Author of ‘The History of White People’

Were there "white" people in antiquity? Certainly some assume so, as though
categories we use today could be read backwards over the millennia. People
with light skin certainly existed well before our own times. But did anyone
think they were "white" or that their character related to their color? No,
for neither the idea of race nor the idea of "white" people had been
invented, and people’s skin color did not carry useful meaning. What
mattered was where they lived; were their lands damp or dry; were they
virile or prone to impotence, hard or soft; could they be seduced by the
luxuries of civilized society or were they warriors through and through?
What were their habits of life?
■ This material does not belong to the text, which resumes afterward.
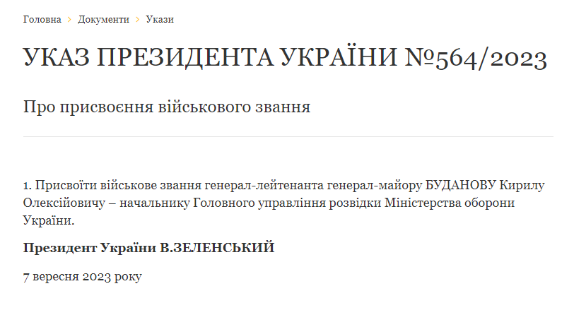 «Присвоїти військове звання генерал-лейтенанта генерал-майору Буданову Кирилу Олексійовичу – начальнику Головного управління розвідки Міністерства оборони України», - йдеться в указі президента від 7 вересня на сайті глави держави.
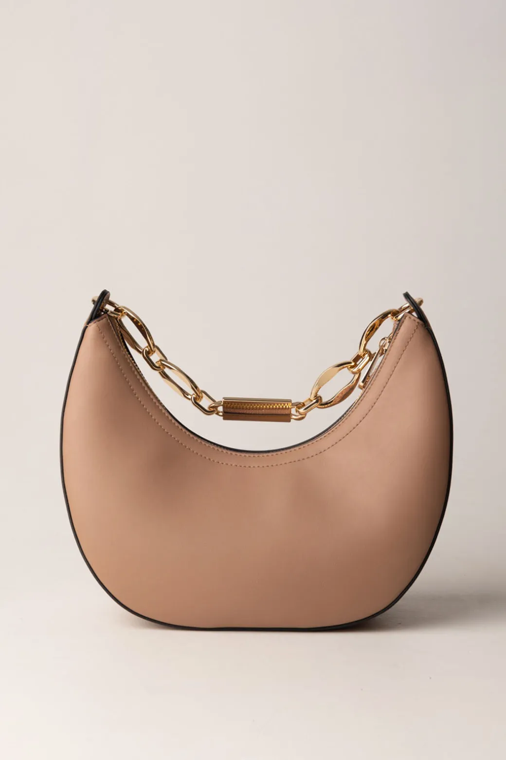 Design accattivante per la borsa Twinset effetto pelle, dalla forma a mezzaluna impreziosita con una catena logata chunky, logo lettering frontale e la comoda tracolla removibile. Ideale per aggiungere un tocco glamour a un look casual-chic.

Rather than as "white" people, northern
Europeans were known by vague tribal names: Scythians and Celts, then Gauls
and -Germani.
But if one asks, say, who are the Scythians? the question sets us off down a
slippery slope, for, over time and especially in earliest times, any search
for the ancestors of white Americans perforce leads back to nonliterate
peoples who left no documents describing themselves.1 Thus, we must sift
through the intellectual history Americans claim as Westerners, keeping in
mind that long before science dictated the terms of human difference as
"race," long before racial scientists began to measure heads and concoct
racial theory, ancient Greeks and Romans had their own means of describing
the peoples of their world as they knew it more than two millennia ago. And
inevitably, the earliest accounts of our story are told from on high, by
rulers dominant at a particular time. Power affixes the markers of -history.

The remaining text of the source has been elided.